§ SUPPLIED DATA:
* * *

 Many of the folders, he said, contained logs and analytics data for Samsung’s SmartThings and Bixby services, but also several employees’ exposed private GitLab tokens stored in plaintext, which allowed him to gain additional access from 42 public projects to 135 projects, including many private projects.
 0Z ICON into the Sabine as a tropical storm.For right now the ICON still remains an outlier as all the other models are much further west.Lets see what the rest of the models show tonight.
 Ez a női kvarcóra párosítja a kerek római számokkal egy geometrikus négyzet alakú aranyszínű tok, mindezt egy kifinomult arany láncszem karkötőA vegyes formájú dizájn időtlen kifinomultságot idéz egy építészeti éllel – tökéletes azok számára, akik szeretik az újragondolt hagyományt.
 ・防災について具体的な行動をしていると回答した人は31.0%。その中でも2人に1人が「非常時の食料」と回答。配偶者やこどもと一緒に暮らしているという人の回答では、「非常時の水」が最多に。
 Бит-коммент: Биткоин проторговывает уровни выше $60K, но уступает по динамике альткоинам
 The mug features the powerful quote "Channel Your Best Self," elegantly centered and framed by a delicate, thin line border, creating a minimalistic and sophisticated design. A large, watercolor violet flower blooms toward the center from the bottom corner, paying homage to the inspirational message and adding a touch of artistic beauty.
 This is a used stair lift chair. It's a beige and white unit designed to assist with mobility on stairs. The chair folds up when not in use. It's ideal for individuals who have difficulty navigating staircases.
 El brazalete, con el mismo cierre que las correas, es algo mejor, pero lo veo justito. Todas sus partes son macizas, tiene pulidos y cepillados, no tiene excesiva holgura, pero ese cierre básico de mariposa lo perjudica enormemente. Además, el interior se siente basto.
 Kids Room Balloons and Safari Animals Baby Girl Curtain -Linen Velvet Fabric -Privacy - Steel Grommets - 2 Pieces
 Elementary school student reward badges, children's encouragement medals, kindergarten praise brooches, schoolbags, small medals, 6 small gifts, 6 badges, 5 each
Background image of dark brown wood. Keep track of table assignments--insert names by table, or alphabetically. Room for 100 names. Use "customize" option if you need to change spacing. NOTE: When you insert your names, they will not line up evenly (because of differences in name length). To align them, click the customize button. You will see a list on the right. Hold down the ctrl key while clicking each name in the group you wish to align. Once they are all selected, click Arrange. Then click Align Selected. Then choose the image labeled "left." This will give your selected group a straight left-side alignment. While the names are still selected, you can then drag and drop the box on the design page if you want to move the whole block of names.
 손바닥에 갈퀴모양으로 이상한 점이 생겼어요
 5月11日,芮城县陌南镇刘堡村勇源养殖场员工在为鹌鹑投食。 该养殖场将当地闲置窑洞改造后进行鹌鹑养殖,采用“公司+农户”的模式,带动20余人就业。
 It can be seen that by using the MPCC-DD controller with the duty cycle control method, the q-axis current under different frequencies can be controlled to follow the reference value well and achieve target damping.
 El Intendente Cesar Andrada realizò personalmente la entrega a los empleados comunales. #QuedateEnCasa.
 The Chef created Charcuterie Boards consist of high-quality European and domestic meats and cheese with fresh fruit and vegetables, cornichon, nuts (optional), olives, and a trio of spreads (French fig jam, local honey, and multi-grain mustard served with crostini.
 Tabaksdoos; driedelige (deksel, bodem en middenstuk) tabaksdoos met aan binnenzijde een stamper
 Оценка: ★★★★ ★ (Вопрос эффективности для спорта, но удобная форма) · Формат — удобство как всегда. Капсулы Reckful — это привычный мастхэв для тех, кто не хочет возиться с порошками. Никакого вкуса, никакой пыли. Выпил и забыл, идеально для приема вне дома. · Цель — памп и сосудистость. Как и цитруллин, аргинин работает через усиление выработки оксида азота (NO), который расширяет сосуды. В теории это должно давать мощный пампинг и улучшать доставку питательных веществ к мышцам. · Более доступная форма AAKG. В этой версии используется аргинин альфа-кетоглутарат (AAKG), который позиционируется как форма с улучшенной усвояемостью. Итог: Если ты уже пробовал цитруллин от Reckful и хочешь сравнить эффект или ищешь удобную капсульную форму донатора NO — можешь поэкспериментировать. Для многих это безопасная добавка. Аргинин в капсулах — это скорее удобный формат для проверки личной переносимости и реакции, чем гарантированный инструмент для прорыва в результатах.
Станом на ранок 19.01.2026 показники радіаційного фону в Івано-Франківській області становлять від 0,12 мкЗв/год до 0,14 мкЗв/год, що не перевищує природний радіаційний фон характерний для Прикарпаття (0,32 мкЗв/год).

* * *

§ WORK REQUIRED:
Repeat the data word for word, leaving out no line.

§ TASK RESPONSE:
 Many of the folders, he said, contained logs and analytics data for Samsung’s SmartThings and Bixby services, but also several employees’ exposed private GitLab tokens stored in plaintext, which allowed him to gain additional access from 42 public projects to 135 projects, including many private projects.
 0Z ICON into the Sabine as a tropical storm.For right now the ICON still remains an outlier as all the other models are much further west.Lets see what the rest of the models show tonight.
 Ez a női kvarcóra párosítja a kerek római számokkal egy geometrikus négyzet alakú aranyszínű tok, mindezt egy kifinomult arany láncszem karkötőA vegyes formájú dizájn időtlen kifinomultságot idéz egy építészeti éllel – tökéletes azok számára, akik szeretik az újragondolt hagyományt.
 ・防災について具体的な行動をしていると回答した人は31.0%。その中でも2人に1人が「非常時の食料」と回答。配偶者やこどもと一緒に暮らしているという人の回答では、「非常時の水」が最多に。
 Бит-коммент: Биткоин проторговывает уровни выше $60K, но уступает по динамике альткоинам
 The mug features the powerful quote "Channel Your Best Self," elegantly centered and framed by a delicate, thin line border, creating a minimalistic and sophisticated design. A large, watercolor violet flower blooms toward the center from the bottom corner, paying homage to the inspirational message and adding a touch of artistic beauty.
 This is a used stair lift chair. It's a beige and white unit designed to assist with mobility on stairs. The chair folds up when not in use. It's ideal for individuals who have difficulty navigating staircases.
 El brazalete, con el mismo cierre que las correas, es algo mejor, pero lo veo justito. Todas sus partes son macizas, tiene pulidos y cepillados, no tiene excesiva holgura, pero ese cierre básico de mariposa lo perjudica enormemente. Además, el interior se siente basto.
 Kids Room Balloons and Safari Animals Baby Girl Curtain -Linen Velvet Fabric -Privacy - Steel Grommets - 2 Pieces
 Elementary school student reward badges, children's encouragement medals, kindergarten praise brooches, schoolbags, small medals, 6 small gifts, 6 badges, 5 each
Background image of dark brown wood. Keep track of table assignments--insert names by table, or alphabetically. Room for 100 names. Use "customize" option if you need to change spacing. NOTE: When you insert your names, they will not line up evenly (because of differences in name length). To align them, click the customize button. You will see a list on the right. Hold down the ctrl key while clicking each name in the group you wish to align. Once they are all selected, click Arrange. Then click Align Selected. Then choose the image labeled "left." This will give your selected group a straight left-side alignment. While the names are still selected, you can then drag and drop the box on the design page if you want to move the whole block of names.
 손바닥에 갈퀴모양으로 이상한 점이 생겼어요
 5月11日,芮城县陌南镇刘堡村勇源养殖场员工在为鹌鹑投食。 该养殖场将当地闲置窑洞改造后进行鹌鹑养殖,采用“公司+农户”的模式,带动20余人就业。
 It can be seen that by using the MPCC-DD controller with the duty cycle control method, the q-axis current under different frequencies can be controlled to follow the reference value well and achieve target damping.
 El Intendente Cesar Andrada realizò personalmente la entrega a los empleados comunales. #QuedateEnCasa.
 The Chef created Charcuterie Boards consist of high-quality European and domestic meats and cheese with fresh fruit and vegetables, cornichon, nuts (optional), olives, and a trio of spreads (French fig jam, local honey, and multi-grain mustard served with crostini.
 Tabaksdoos; driedelige (deksel, bodem en middenstuk) tabaksdoos met aan binnenzijde een stamper
 Оценка: ★★★★ ★ (Вопрос эффективности для спорта, но удобная форма) · Формат — удобство как всегда. Капсулы Reckful — это привычный мастхэв для тех, кто не хочет возиться с порошками. Никакого вкуса, никакой пыли. Выпил и забыл, идеально для приема вне дома. · Цель — памп и сосудистость. Как и цитруллин, аргинин работает через усиление выработки оксида азота (NO), который расширяет сосуды. В теории это должно давать мощный пампинг и улучшать доставку питательных веществ к мышцам. · Более доступная форма AAKG. В этой версии используется аргинин альфа-кетоглутарат (AAKG), который позиционируется как форма с улучшенной усвояемостью. Итог: Если ты уже пробовал цитруллин от Reckful и хочешь сравнить эффект или ищешь удобную капсульную форму донатора NO — можешь поэкспериментировать. Для многих это безопасная добавка. Аргинин в капсулах — это скорее удобный формат для проверки личной переносимости и реакции, чем гарантированный инструмент для прорыва в результатах.
Станом на ранок 19.01.2026 показники радіаційного фону в Івано-Франківській області становлять від 0,12 мкЗв/год до 0,14 мкЗв/год, що не перевищує природний радіаційний фон характерний для Прикарпаття (0,32 мкЗв/год).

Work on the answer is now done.